Collected data:

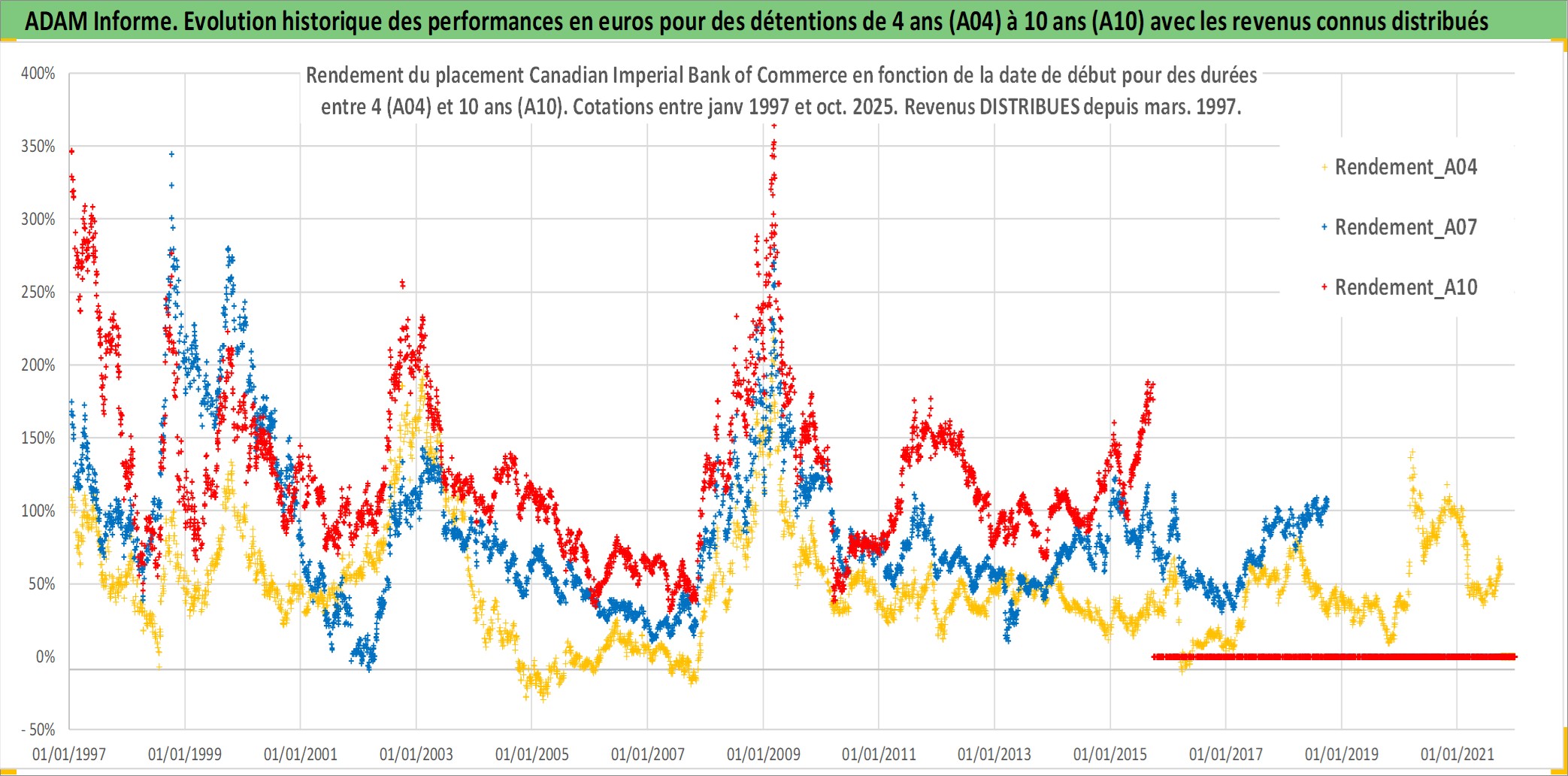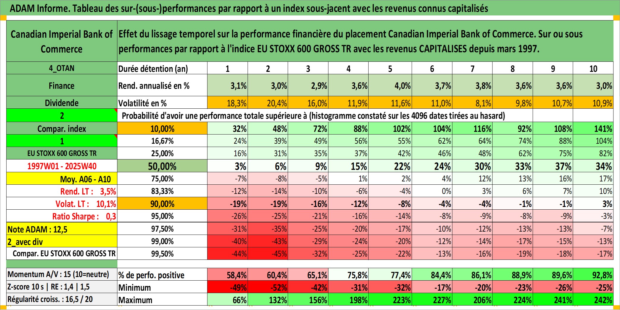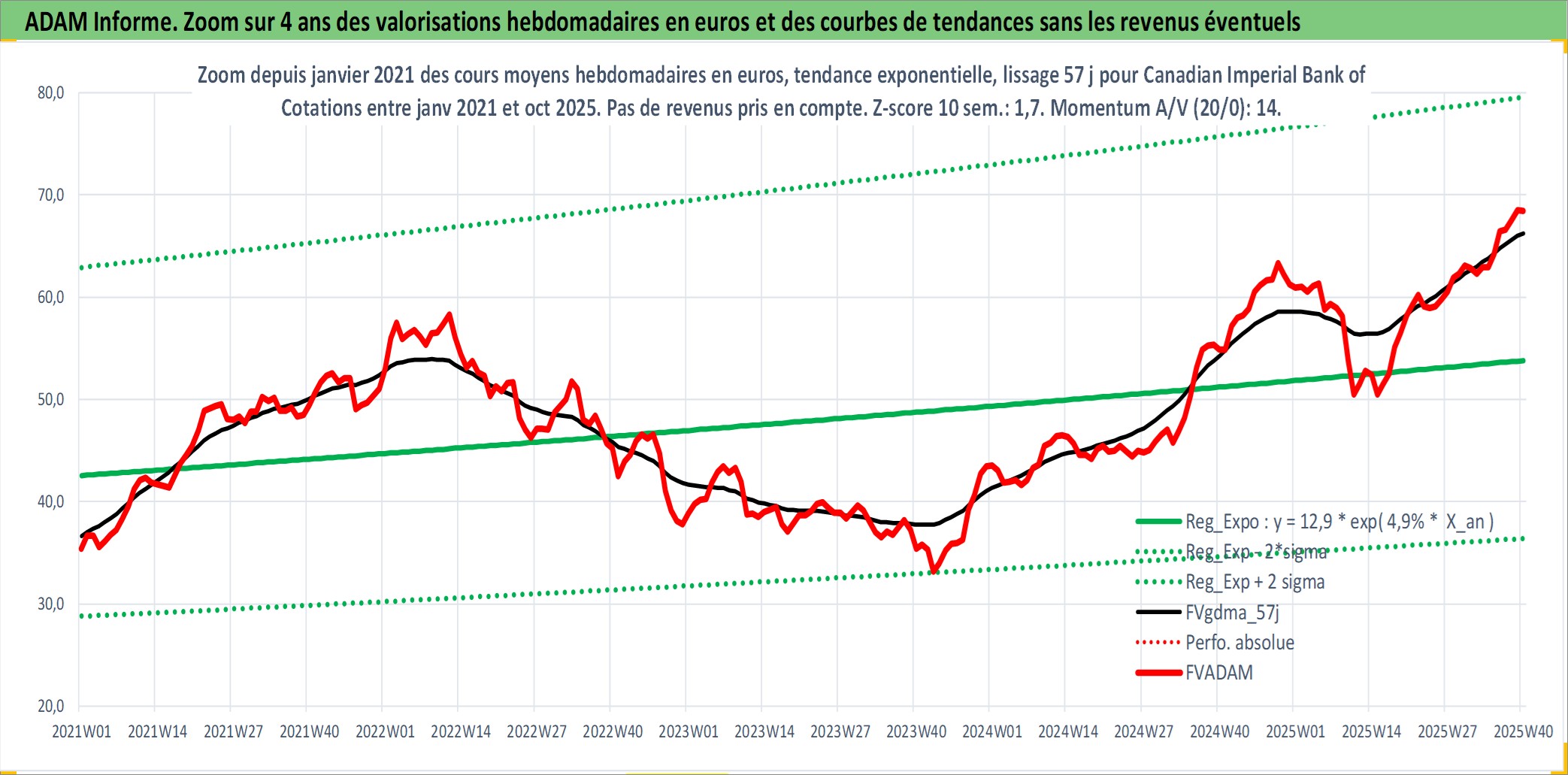 Site dédié aux investisseursPage dédiée sur site financeAnalyse des valorisations hebdomadaires de l'action Canadian Imperial Bank of Commerce. Cet actif est cote en CAD. Les valorisations sont en contrevaleur EURO et couvrent les semaines 1997W01 a 2025W40. Les revenus de cet actif financier sont pris en compte depuis la semaine 1997W13. La note globale ESG de cet actif est estimee a 11.0 (apres rebasage entre 0 et 20).
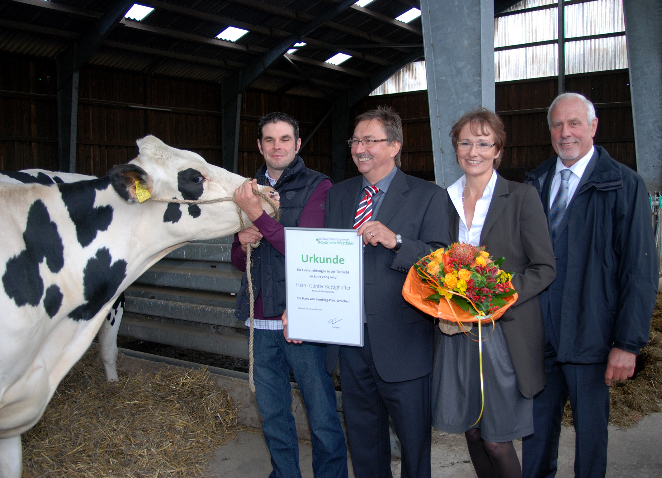 Landwirtschaftskammer-Präsident Johannes Frizen (rechts) überreichte den Hans von Bemberg-Preis 2009 an Günter Buttighoffer (3. von rechts). Seine Ehefrau freut sich mit, ebenso wie Mitarbeiter Sandy Multhaup (links) mit der Kuh Qualle.
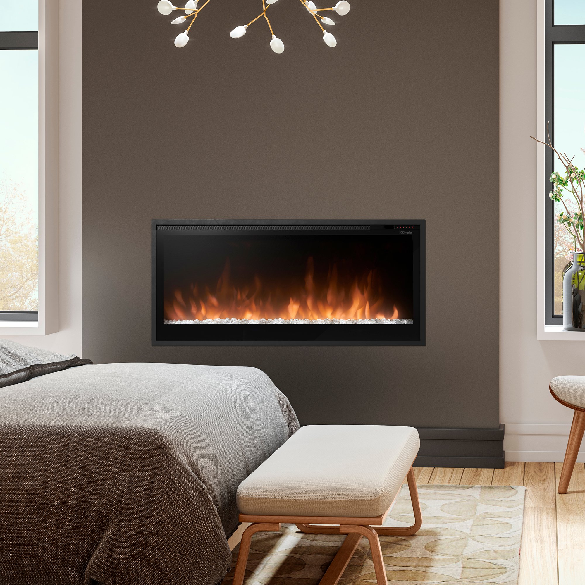 - With a slim depth of less than 4in, this fireplace fits flush into a standard 2x4in wall

Exercise goal: What you return must match the material above exactly, apart from its pictures.

Answer space:
 Site dédié aux investisseursPage dédiée sur site financeAnalyse des valorisations hebdomadaires de l'action Canadian Imperial Bank of Commerce. Cet actif est cote en CAD. Les valorisations sont en contrevaleur EURO et couvrent les semaines 1997W01 a 2025W40. Les revenus de cet actif financier sont pris en compte depuis la semaine 1997W13. La note globale ESG de cet actif est estimee a 11.0 (apres rebasage entre 0 et 20).
 Landwirtschaftskammer-Präsident Johannes Frizen (rechts) überreichte den Hans von Bemberg-Preis 2009 an Günter Buttighoffer (3. von rechts). Seine Ehefrau freut sich mit, ebenso wie Mitarbeiter Sandy Multhaup (links) mit der Kuh Qualle.
 - With a slim depth of less than 4in, this fireplace fits flush into a standard 2x4in wall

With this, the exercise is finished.